I am planning a trip in early September.  Has anyone experienced any of the Bear Tours during the Salmon spawning season?  Any recommendations for a tour company?  Are there areas that I could go on my own?


----------



## perktd (Mar 26, 2006)

Hi  There are grizzley bear tours that depart from Northern Vancouver Island, but there are no grizzley bears on Vancouver Island.  I don't know of any way to accomplish seeing them on your own from there.  I have read about the tours, but not actually taken one.  There are pretty good websites available for the tour groups that come up easily on google.  Have fun-Vancouver Island is great.  Don


----------



## ricoba (Mar 26, 2006)

The place to see grizzley bears in BC is the Khutzeymateen Valley outside of Prince Rupert on the North Central coast of BC.  It is Canada' only grizzley bear sanctuary.

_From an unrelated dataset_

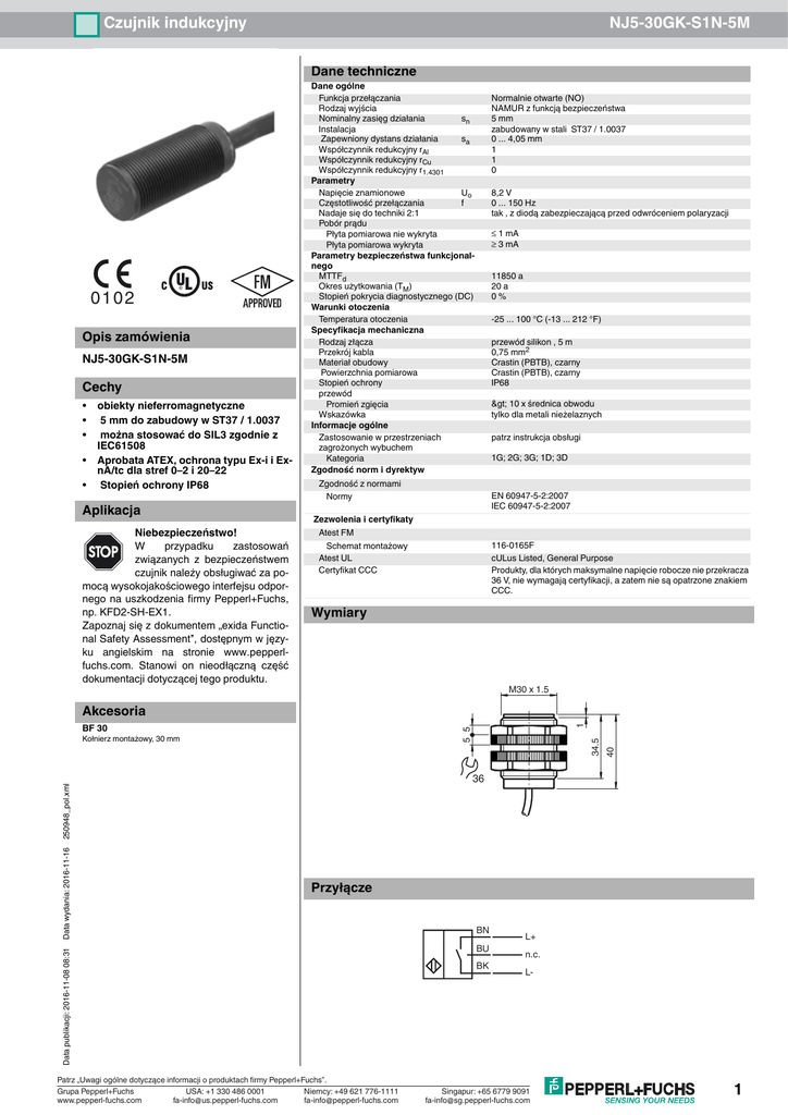 Czujnik indukcyjny NJ5-30GK-S1N-5M Dane techniczne 0102 Opis zamówienia NJ5-30GK-S1N-5M Cechy • • • • • obiekty nieferromagnetyczne 5 mm do zabudowy w ST37 / 1.0037 można stosować do SIL3 zgodnie z IEC61508 Aprobata ATEX, ochrona typu Ex-i i ExnA/tc dla stref 0–2 i 20–22 Stopień ochrony IP68 Aplikacja Niebezpieczeństwo! W przypadku zastosowań związanych z bezpieczeństwem czujnik należy obsługiwać za pomocą wysokojakościowego interfejsu odpornego na uszkodzenia firmy Pepperl+Fuchs, np. KFD2-SH-EX1. Zapoznaj się z dokumentem „exida Functional Safety Assessment”, dostępnym w języku angielskim na stronie www.pepperlfuchs.com. Stanowi on nieodłączną część dokumentacji dotyczącej tego produktu. Dane ogólne Funkcja przełączania Rodzaj wyjścia Nominalny zasięg działania sn Instalacja Zapewniony dystans działania sa Współczynnik redukcyjny rAl Współczynnik redukcyjny rCu Współczynnik redukcyjny r1.4301 Parametry Napięcie znamionowe Uo Częstotliwość przełączania f Nadaje się do techniki 2:1 Pobór prądu Płyta pomiarowa nie wykryta Płyta pomiarowa wykryta Parametry bezpieczeństwa funkcjonalnego MTTFd Okres użytkowania (TM) Stopień pokrycia diagnostycznego (DC) Warunki otoczenia Temperatura otoczenia Specyfikacja mechaniczna Rodzaj złącza Przekrój kabla Materiał obudowy Powierzchnia pomiarowa Stopień ochrony przewód Promień zgięcia Wskazówka Informacje ogólne Zastosowanie w przestrzeniach zagrożonych wybuchem Kategoria Zgodność norm i dyrektyw Normalnie otwarte (NO) NAMUR z funkcją bezpieczeństwa 5 mm zabudowany w stali ST37 / 1.0037 0 ... 4,05 mm 1 1 0 8,2 V 0 ... 150 Hz tak , z diodą zabezpieczającą przed odwróceniem polaryzacji ≤ 1 mA ≥ 3 mA 11850 a 20 a 0% -25 ... 100 °C (-13 ... 212 °F) przewód silikon , 5 m 0,75 mm2 Crastin (PBTB), czarny Crastin (PBTB), czarny IP68 > 10 x średnica obwodu tylko dla metali nieżelaznych patrz instrukcja obsługi 1G; 2G; 3G; 1D; 3D Zgodność z normami Normy EN 60947-5-2:2007 IEC 60947-5-2:2007 Zezwolenia i certyfikaty Atest FM Schemat montażowy Atest UL Certyfikat CCC 116-0165F cULus Listed, General Purpose Produkty, dla których maksymalne napięcie robocze nie przekracza 36 V, nie wymagają certyfikacji, a zatem nie są opatrzone znakiem CCC. Wymiary M30 x 1.5 250948_pol.xml 36 Przyłącze Data publikacji: 2016-11-08 08:31 Data wydania: 2016-11-16 40 Kołnierz montażowy, 30 mm 34.5 5 5 BF 30 1 Akcesoria Patrz „Uwagi ogólne dotyczące informacji o produktach firmy Pepperl+Fuchs”. USA: +1 330 486 0001 Grupa Pepperl+Fuchs Niemcy: +49 621 776-1111 www.pepperl-fuchs.com [email protected] [email protected] BN BU BK L+ n.c. L- Singapur: +65 6779 9091 [email protected] 1 Czujnik indukcyjny NJ5-30GK-S1N-5M Ochrona sprzętu — poziom Ga Instrukcja Urządzenia elektryczne dla przestrzeni zagrożonych wybuchem Urządzenie kategorii 1G do użytku w przestrzeniach zagrożonych wybuchem gazu, oparów i mgły. Certyfikat badania typu EC PTB 00 ATEX 2049 X Oznakowanie CE 0102 Oznaczenie ATEX ¬ II 1G Ex ia IIC T6…T1 Ga Oznaczenie związane z Ex może być również nadrukowane na załączonej etykiecie. Normy EN 60079-0:2012+A11:2013 EN 60079-11:2012 Zabezpieczenie przed zapłonem - wykonanie iskrobezpieczne ograniczenie przez następujące warunki Odpowiedni typ NJ 5-30GK-S1N... Skuteczna indukcyjność wewnętrzna Ci ≤ 100 nF ; Uwzględniona długość kabla 10 m. Informacje ogólne Urządzenie należy używać zgodnie z danymi katalogowymi oraz danymi zawartymi w tej instrukcji obsługi. Należy przestrzegać wymagań certyfikatu badania typu UE. Należy przestrzegać warunków szczególnych! Dyrektywa ATEX oraz certyfikat badania typu UE dotyczą jedynie użytkowania urządzeń elektrycznych w warunkach atmosferycznych. Urządzenie zostało sprawdzone pod względem funkcjonalności w temperaturze otoczenia > 60°C przez odpowiedni urząd certyfikacji. Temperatura powierzchni urządzenia pozostaje w dopuszczalnej normie. W przypadku używania urządzenia w warunkach innych niż atmosferyczne, należy wziąć pod uwagę redukcję minimalnej dopuszczalnej energii zapłonu. Temperatura otoczenia Szczegóły korelacji między typem podłączonego obwodu, maksymalną dopuszczalną temperaturą otoczenia, temperaturą powierzchni i efektywnymi wartościami reaktancji wewnętrznej można znaleźć w certyfikacie badania typu WE. Uwaga: używać tabeli temperatur dla kategorii 1 !!! Zgodnie z normą EN 1127-1 w tabeli temperatur dla kategorii 1 została zastosowana 20% redukcja. Montaż, uruchomienie Należy przestrzegać przepisów prawnych i/lub rozporządzeń i norm regulujących użycie lub też użycia zgodnego z przeznaczeniem. Iskrobezpieczność urządzeń jest gwarantowana jedynie w przypadku podłączenia z urządzeniem przynależnym, które posiada zaświadczenie o wykonaniu iskrobezpiecznym. Przynależne urządzenie musi spełniać wymagania kategorii "ia". Ze względu na niebezpieczeństwo zapłonu, do którego może dojść wskutek błędów oraz/lub prądów fazowych w systemie wyrównania potencjałów, należy odizolować galwanicznie obwód prądu zasilającego od obwodu prądu sygnałowego. Zastosowanie przynależnego urządzenia bez izolacji galwanicznej dozwolone jest tylko wtedy, gdy spełnione są odpowiednie wymagania normy IEC 60079-14. Jeśli oznaczenia związane z kategorią Ex są nadrukowane wyłącznie na dostarczonej etykiecie, należy ją przymocować jak najbliżej czujnika. Powierzchnia przylepna etykiety musi być wolna od brudu i tłuszczu. Przyklejona etykieta musi czytelna i odporna na ścieranie, nawet w przypadku możliwej korozji chemicznej. Obsługa Nie wolno dokonywać żadnych zmian przy urządzeniach przeznaczonych do pracy w przestrzeniach zagrożonych wybuchem. Wykonywanie napraw tych urządzeń nie jest możliwe. Skuteczna induktancja wewnętrzna Li ≤ 200 µH ; Uwzględniona długość kabla 10 m. Warunki specjalne W przypadku

If you google Khutzeymateen Valley, you will come up with the info about the Valley of the Grizzley Bear & various tour operators.

Rick


----------



## Murfie (Mar 27, 2006)

There are grizzly and black bear tours that leave the the island around the Telegraph Cove area and tour the Broughton Archipelago and Knight Inlet to view Grizzly's and black bears.  This is part of the Great Bear Rainforest. They also do orca tours.  
As mentioned the grizzly's are not on Vancouver Island - you tour from Telegraph Cove to view them on the mainland.  
I have read articles on these tours and seen t.v. shows on the tours and they sound very good.  (I just saw a kayak whale watching tour today on tv).
I haven't been on a tour myself as I have seen lots of black bears and orcas just living here and I'm afraid of grizzlies although I understand the tours have access to safe viewing areas such as a boat and viewing platforms.
If you google "bear watching bc" you'll come up with lots tour companies.


----------



## lonetree1353 (Apr 15, 2006)

If you are going to be in the Tofino area, and you want to see black bears, whale watching and all the incredible sites on the west coast of Vancouver Island you can look at this web site: http://www.browningpass.com We did this a couple of years ago and really enjoyed it. The owner/skipper has grown up in the area and really knows his stuff.


----------